For full federated learning example scripts, check examples/federated.

Available Models

For the initial release, torchfl will only support state-of-the-art computer vision models. The following table summarizes the available models, support for pre-training, and the possibility of feature-extracting. Please note that the models have been tested with all the available datasets. Therefore, the link to the tests will be provided in the next section.

Name Pre-Training Feature Extraction
AlexNet :white_check_mark: :white_check_mark:
DenseNet121 :white_check_mark: :white_check_mark:
DenseNet161 :white_check_mark: :white_check_mark:
DenseNet169 :white_check_mark: :white_check_mark:
DenseNet201 :white_check_mark: :white_check_mark:
LeNet :x: :x:
MLP :x: :x:
MobileNetV2 :white_check_mark: :white_check_mark:
MobileNetV3Small :white_check_mark: :white_check_mark:
MobileNetV3Large :white_check_mark: :white_check_mark:
ResNet18 :white_check_mark: :white_check_mark:
ResNet34 :white_check_mark: :white_check_mark:
ResNet50 :white_check_mark: :white_check_mark:
ResNet101 :white_check_mark: :white_check_mark:
ResNet152 :white_check_mark: :white_check_mark:
ResNext50(32x4d) :white_check_mark: :white_check_mark:
ResNext101(32x8d) :white_check_mark: :white_check_mark:
WideResNet(50x2) :white_check_mark: :white_check_mark:
WideResNet(101x2) :white_check_mark: :white_check_mark:
ShuffleNetv2(x0.5) :white_check_mark: :white_check_mark:
ShuffleNetv2(x1.0) :white_check_mark: :white_check_mark:
ShuffleNetv2(x1.5) :x: :x:
ShuffleNetv2(x2.0) :x: :x:
SqueezeNet1.0 :white_check_mark: :white_check_mark:
SqueezeNet1.1 :white_check_mark: :white_check_mark:
VGG11 :white_check_mark: :white_check_mark:
VGG11_BatchNorm :white_check_mark: :white_check_mark:
VGG13 :white_check_mark: :white_check_mark:
VGG13_BatchNorm :white_check_mark: :white_check_mark:
VGG16 :white_check_mark: :white_check_mark:
VGG16_BatchNorm :white_check_mark: :white_check_mark:
VGG19 :white_check_mark: :white_check_mark:
VGG19_BatchNorm :white_check_mark: :white_check_mark:

Available Datasets

Following datasets have been wrapped inside a LightningDataModule and made available for the initial release of torchfl. To add a new dataset, check the source code in torchfl.datamodules, add tests, and create a PR with Features tag.

Group Datasets IID Split Non-IID Split Datamodules Tests Models Models Tests
CIFAR :white_check_mark: :white_check_mark:
EMNIST :white_check_mark: :white_check_mark:
FashionMNIST FashionMNIST :white_check_mark: :white_check_mark: FashionMNIST

Contributing

Contributions are welcome, and they are greatly appreciated! Every little bit helps, and credit will always be given.

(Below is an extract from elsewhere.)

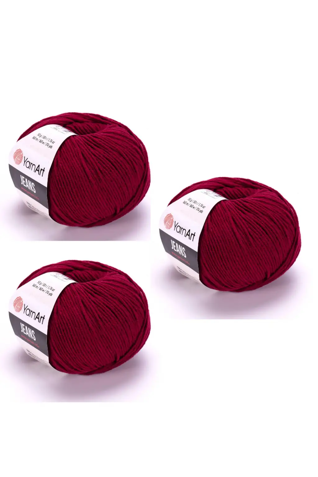 Yarn Art Jeans Amigurumi Örgü İpi 66 Bordo Renk Hırka Örgü İpi Bebek İpi Punch İpi 3'lü Paket

You can contribute in many ways:

Types of Contributions

Report Bugs

Report bugs at https://github.com/vivekkhimani/torchfl/issues.

If you are reporting a bug, please include:

  • Your operating system name and version.
  • Any details about your local setup that might be helpful in troubleshooting.
  • Detailed steps to reproduce the bug.

Fix Bugs

Look through the GitHub issues for bugs. Anything tagged with "bug" and "help wanted" is open to whoever wants to implement it.

Implement Features

Look through the GitHub issues for features. Anything tagged with "enhancement", "help wanted", "feature" is open to whoever wants to implement it.

Write Documentation

torchfl could always use more documentation, whether as part of the official torchfl docs, in docstrings, or even on the web in blog posts, articles, and such.

Submit Feedback

The best way to send feedback is to file an issue at https://github.com/vivekkhimani/torchfl/issues. If you are proposing a feature:

  • Explain in detail how it would work.
  • Keep the scope as narrow as possible, to make it easier to implement.
  • Remember that this is a volunteer-driven project, and that contributions are welcome :)

Get Started

Ready to contribute? Here's how to set up torchfl for local development.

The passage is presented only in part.